== What is expected ==
An unchanged copy of all the lines below is expected, and it should contain no pictures.

== Dataset excerpt ==
-- Opening Marker --
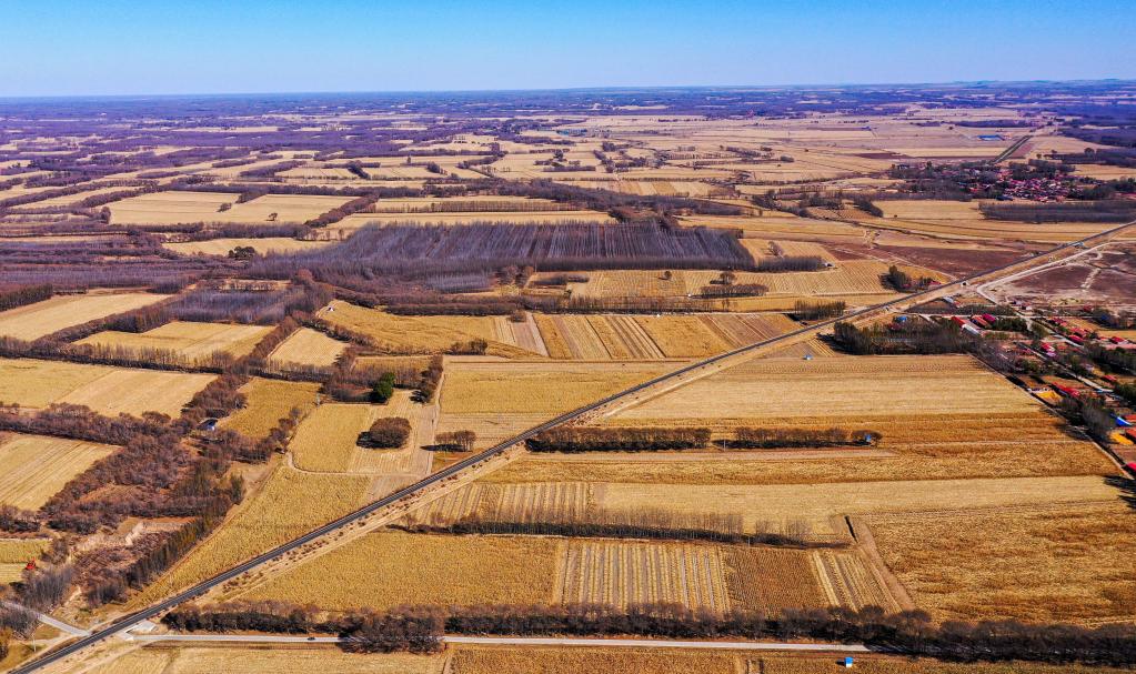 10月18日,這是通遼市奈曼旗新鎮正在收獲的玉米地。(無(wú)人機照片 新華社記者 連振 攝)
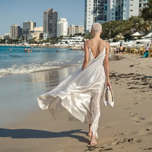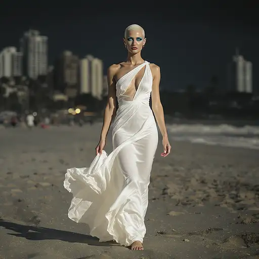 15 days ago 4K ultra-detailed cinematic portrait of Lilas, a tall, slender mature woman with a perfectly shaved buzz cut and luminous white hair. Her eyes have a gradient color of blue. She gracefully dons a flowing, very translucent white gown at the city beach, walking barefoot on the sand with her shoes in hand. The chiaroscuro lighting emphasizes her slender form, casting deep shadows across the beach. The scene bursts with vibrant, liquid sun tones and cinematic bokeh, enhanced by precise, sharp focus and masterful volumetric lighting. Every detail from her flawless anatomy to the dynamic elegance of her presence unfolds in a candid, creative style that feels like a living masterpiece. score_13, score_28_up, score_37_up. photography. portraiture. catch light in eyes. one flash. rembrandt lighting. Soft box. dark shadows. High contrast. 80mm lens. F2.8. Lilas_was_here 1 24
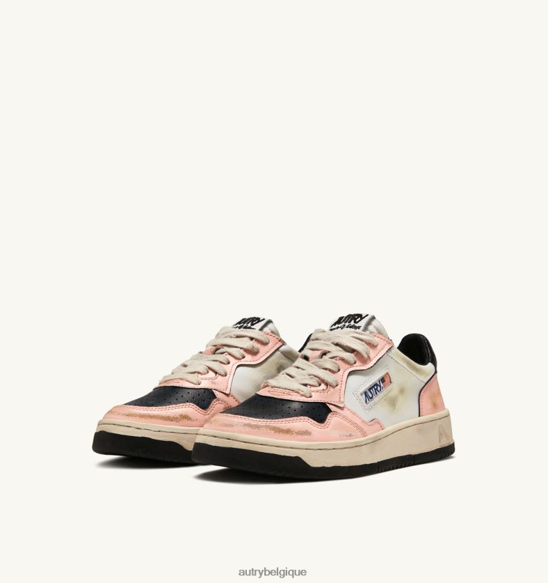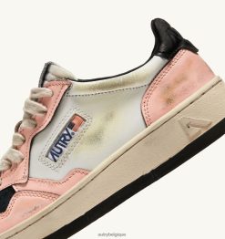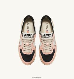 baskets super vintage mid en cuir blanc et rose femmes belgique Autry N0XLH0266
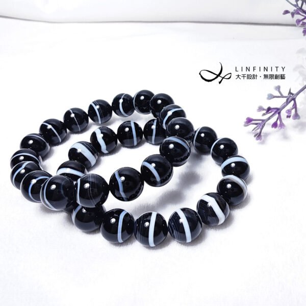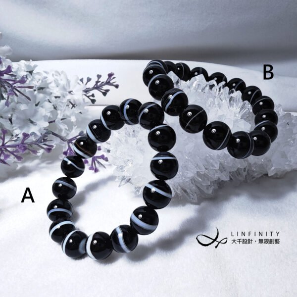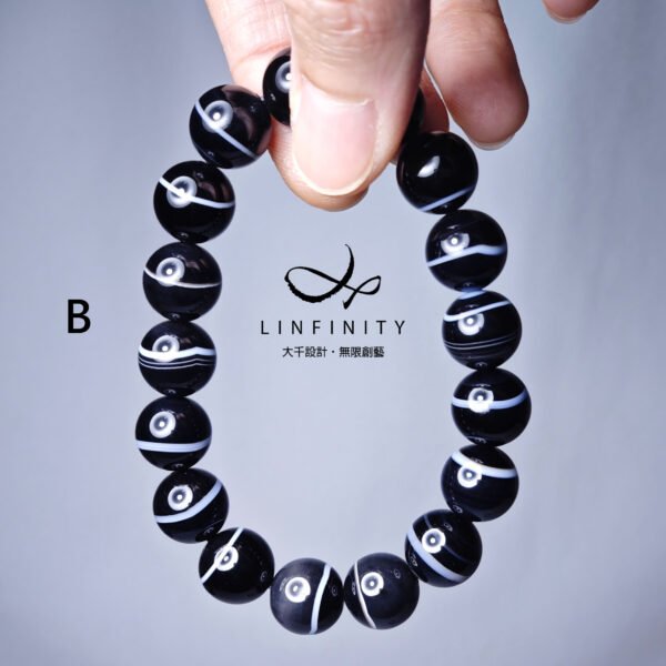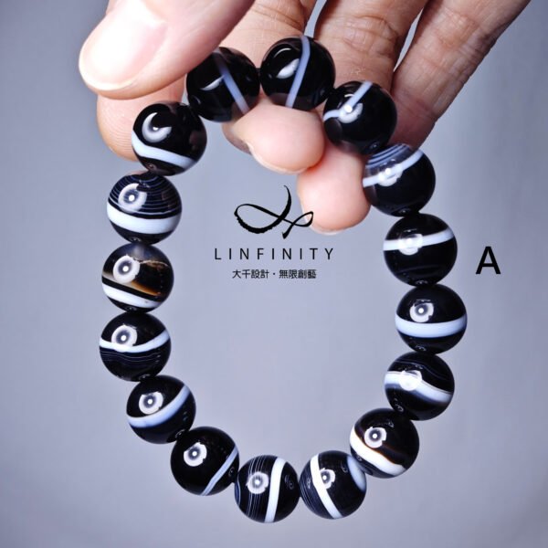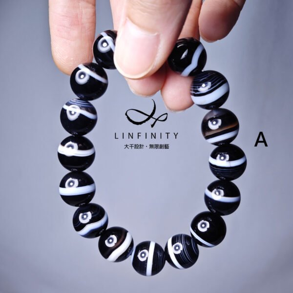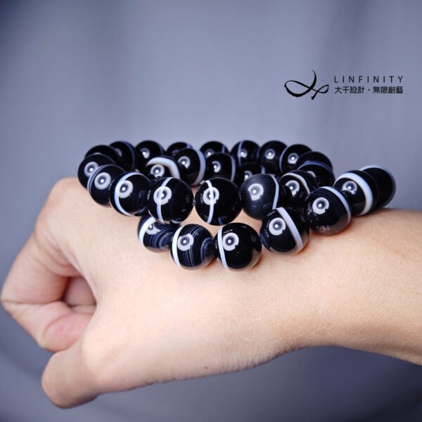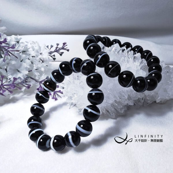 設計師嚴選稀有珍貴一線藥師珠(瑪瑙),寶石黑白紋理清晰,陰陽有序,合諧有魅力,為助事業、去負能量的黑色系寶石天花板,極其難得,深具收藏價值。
-- Closing Marker --
== Finished exercise ==
 10月18日,這是通遼市奈曼旗新鎮正在收獲的玉米地。(無(wú)人機照片 新華社記者 連振 攝)
 15 days ago 4K ultra-detailed cinematic portrait of Lilas, a tall, slender mature woman with a perfectly shaved buzz cut and luminous white hair. Her eyes have a gradient color of blue. She gracefully dons a flowing, very translucent white gown at the city beach, walking barefoot on the sand with her shoes in hand. The chiaroscuro lighting emphasizes her slender form, casting deep shadows across the beach. The scene bursts with vibrant, liquid sun tones and cinematic bokeh, enhanced by precise, sharp focus and masterful volumetric lighting. Every detail from her flawless anatomy to the dynamic elegance of her presence unfolds in a candid, creative style that feels like a living masterpiece. score_13, score_28_up, score_37_up. photography. portraiture. catch light in eyes. one flash. rembrandt lighting. Soft box. dark shadows. High contrast. 80mm lens. F2.8. Lilas_was_here 1 24
 baskets super vintage mid en cuir blanc et rose femmes belgique Autry N0XLH0266
 設計師嚴選稀有珍貴一線藥師珠(瑪瑙),寶石黑白紋理清晰,陰陽有序,合諧有魅力,為助事業、去負能量的黑色系寶石天花板,極其難得,深具收藏價值。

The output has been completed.